Task directions: Write out again, word for word, the lines below from the line that holds "Zu dem Shop" through the line that holds "primera selecció de", omitting pictures.

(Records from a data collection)
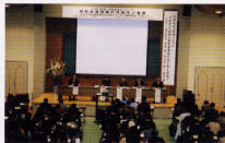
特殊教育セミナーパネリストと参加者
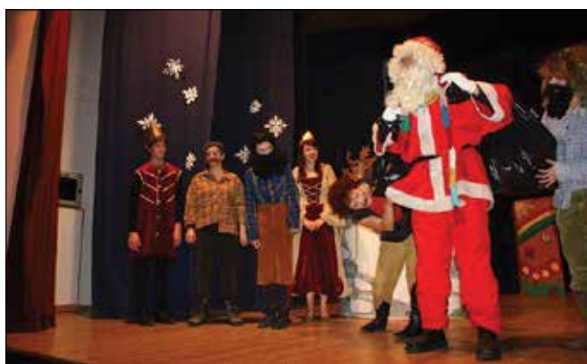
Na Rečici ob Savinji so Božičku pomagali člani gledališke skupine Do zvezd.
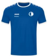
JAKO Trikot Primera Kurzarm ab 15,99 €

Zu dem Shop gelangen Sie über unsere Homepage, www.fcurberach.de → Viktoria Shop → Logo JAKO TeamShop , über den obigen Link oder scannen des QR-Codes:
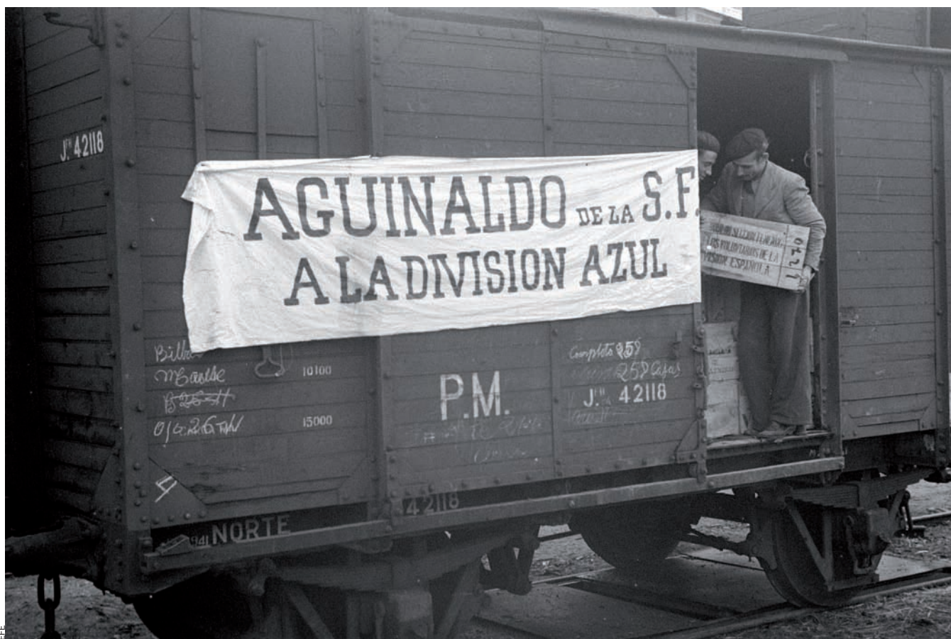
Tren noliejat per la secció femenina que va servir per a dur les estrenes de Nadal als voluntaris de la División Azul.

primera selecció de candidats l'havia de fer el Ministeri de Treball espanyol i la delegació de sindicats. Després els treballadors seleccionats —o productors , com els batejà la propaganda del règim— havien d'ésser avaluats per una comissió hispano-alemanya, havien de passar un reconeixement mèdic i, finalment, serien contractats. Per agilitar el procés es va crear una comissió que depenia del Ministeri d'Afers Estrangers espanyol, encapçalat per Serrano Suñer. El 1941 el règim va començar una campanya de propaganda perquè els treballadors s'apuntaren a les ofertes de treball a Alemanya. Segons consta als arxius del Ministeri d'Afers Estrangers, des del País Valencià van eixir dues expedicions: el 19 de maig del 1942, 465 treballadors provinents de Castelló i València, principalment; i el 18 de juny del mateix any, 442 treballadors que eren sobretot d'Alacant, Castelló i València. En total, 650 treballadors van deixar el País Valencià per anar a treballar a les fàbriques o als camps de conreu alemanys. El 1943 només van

--

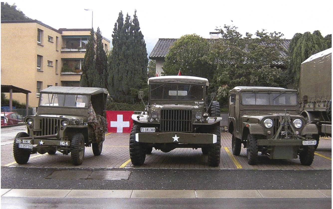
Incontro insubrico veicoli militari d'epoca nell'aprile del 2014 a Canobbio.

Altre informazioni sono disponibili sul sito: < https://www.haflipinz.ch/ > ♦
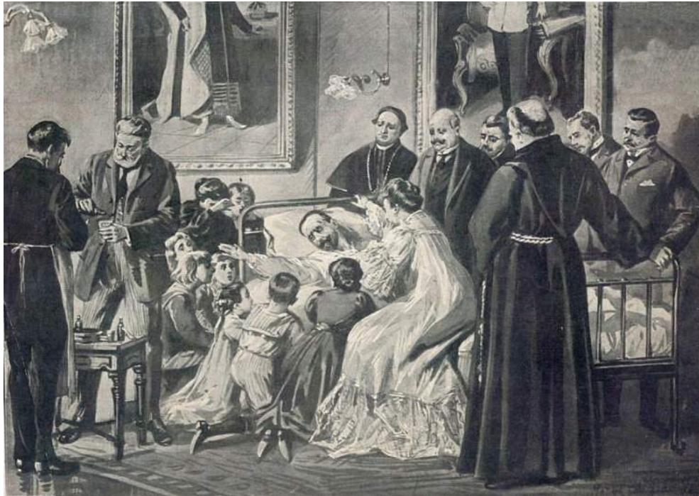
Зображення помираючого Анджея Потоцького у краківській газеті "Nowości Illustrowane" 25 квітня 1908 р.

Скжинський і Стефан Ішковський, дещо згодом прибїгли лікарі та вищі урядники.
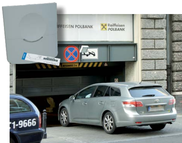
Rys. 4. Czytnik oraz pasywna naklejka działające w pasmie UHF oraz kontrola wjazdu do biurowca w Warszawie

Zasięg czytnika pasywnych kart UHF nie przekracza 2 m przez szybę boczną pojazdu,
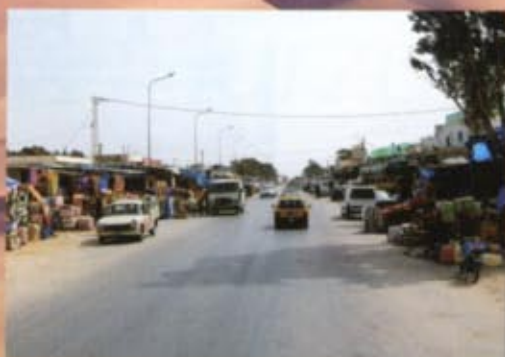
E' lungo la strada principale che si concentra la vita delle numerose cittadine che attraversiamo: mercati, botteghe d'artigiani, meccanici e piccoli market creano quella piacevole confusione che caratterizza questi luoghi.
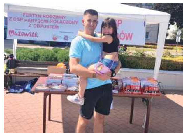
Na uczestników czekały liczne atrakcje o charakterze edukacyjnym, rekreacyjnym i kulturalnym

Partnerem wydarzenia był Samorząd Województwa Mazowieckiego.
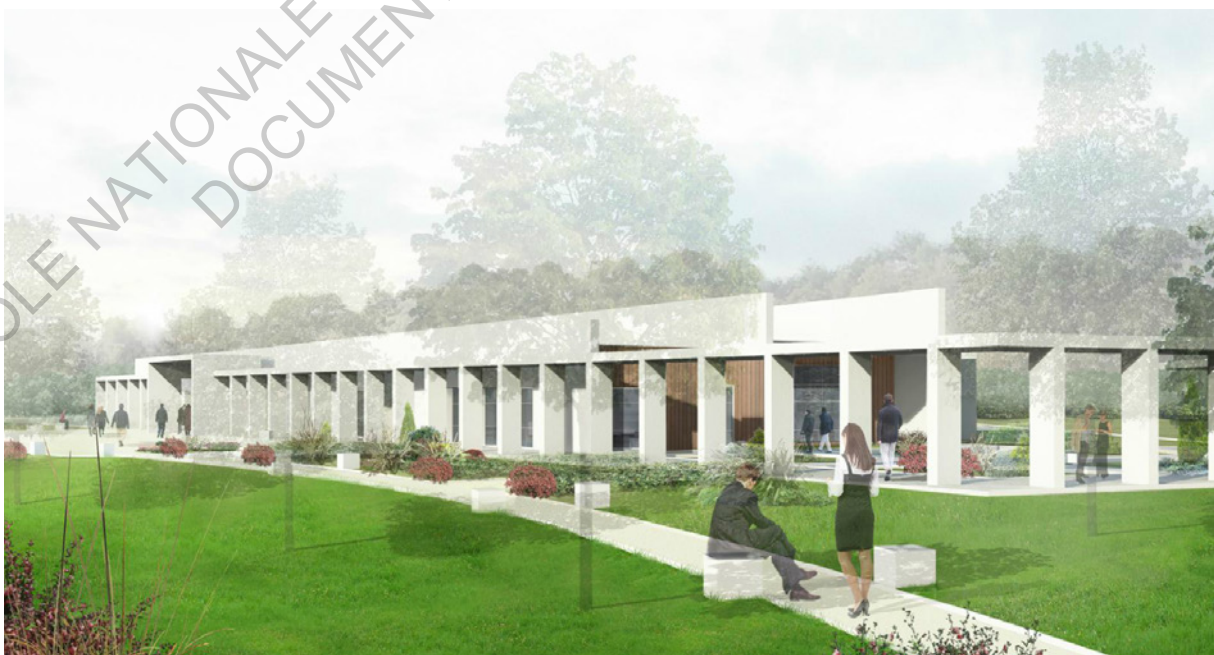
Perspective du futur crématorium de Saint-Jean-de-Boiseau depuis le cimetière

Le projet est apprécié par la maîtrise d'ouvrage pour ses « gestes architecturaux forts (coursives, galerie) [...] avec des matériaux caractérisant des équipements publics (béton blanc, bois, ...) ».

---

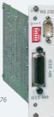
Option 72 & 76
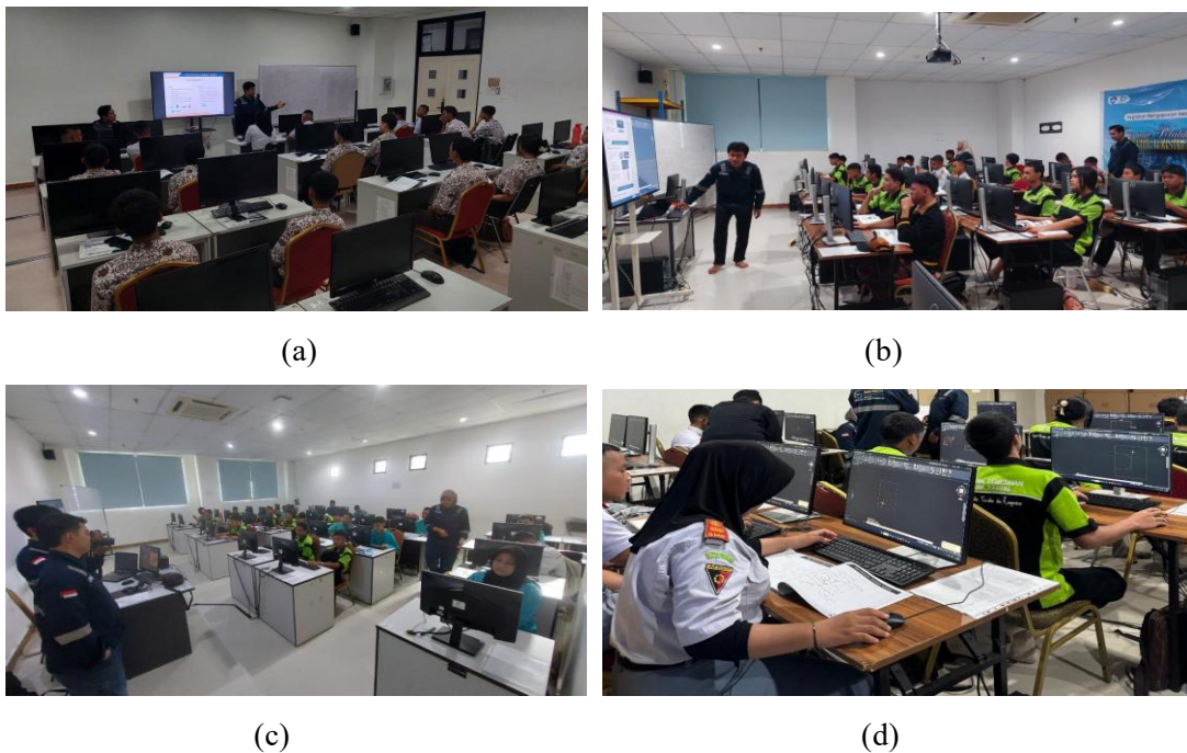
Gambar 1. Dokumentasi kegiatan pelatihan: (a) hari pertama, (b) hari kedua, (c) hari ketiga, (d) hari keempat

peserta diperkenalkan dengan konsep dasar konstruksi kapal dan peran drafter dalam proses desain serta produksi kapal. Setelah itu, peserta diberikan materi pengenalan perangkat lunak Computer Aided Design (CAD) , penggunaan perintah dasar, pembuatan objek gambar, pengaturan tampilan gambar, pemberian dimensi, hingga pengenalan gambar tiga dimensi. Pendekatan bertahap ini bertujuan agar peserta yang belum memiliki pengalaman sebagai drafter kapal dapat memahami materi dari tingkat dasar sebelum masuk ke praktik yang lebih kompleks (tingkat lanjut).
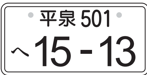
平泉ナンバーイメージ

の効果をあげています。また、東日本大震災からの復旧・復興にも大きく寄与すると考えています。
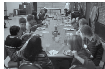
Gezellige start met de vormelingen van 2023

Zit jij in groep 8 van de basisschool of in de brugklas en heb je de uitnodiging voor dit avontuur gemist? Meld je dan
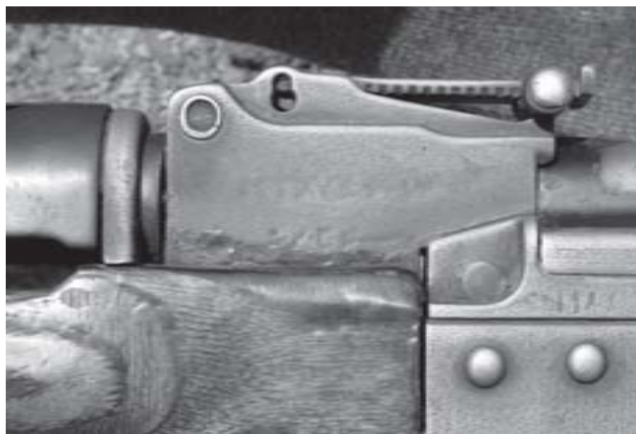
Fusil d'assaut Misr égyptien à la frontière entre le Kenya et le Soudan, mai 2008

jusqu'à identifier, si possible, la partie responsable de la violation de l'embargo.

Output for this exercise:
Zu dem Shop gelangen Sie über unsere Homepage, www.fcurberach.de → Viktoria Shop → Logo JAKO TeamShop , über den obigen Link oder scannen des QR-Codes:
Tren noliejat per la secció femenina que va servir per a dur les estrenes de Nadal als voluntaris de la División Azul.

primera selecció de candidats l'havia de fer el Ministeri de Treball espanyol i la delegació de sindicats. Després els treballadors seleccionats —o productors , com els batejà la propaganda del règim— havien d'ésser avaluats per una comissió hispano-alemanya, havien de passar un reconeixement mèdic i, finalment, serien contractats. Per agilitar el procés es va crear una comissió que depenia del Ministeri d'Afers Estrangers espanyol, encapçalat per Serrano Suñer. El 1941 el règim va començar una campanya de propaganda perquè els treballadors s'apuntaren a les ofertes de treball a Alemanya. Segons consta als arxius del Ministeri d'Afers Estrangers, des del País Valencià van eixir dues expedicions: el 19 de maig del 1942, 465 treballadors provinents de Castelló i València, principalment; i el 18 de juny del mateix any, 442 treballadors que eren sobretot d'Alacant, Castelló i València. En total, 650 treballadors van deixar el País Valencià per anar a treballar a les fàbriques o als camps de conreu alemanys. El 1943 només van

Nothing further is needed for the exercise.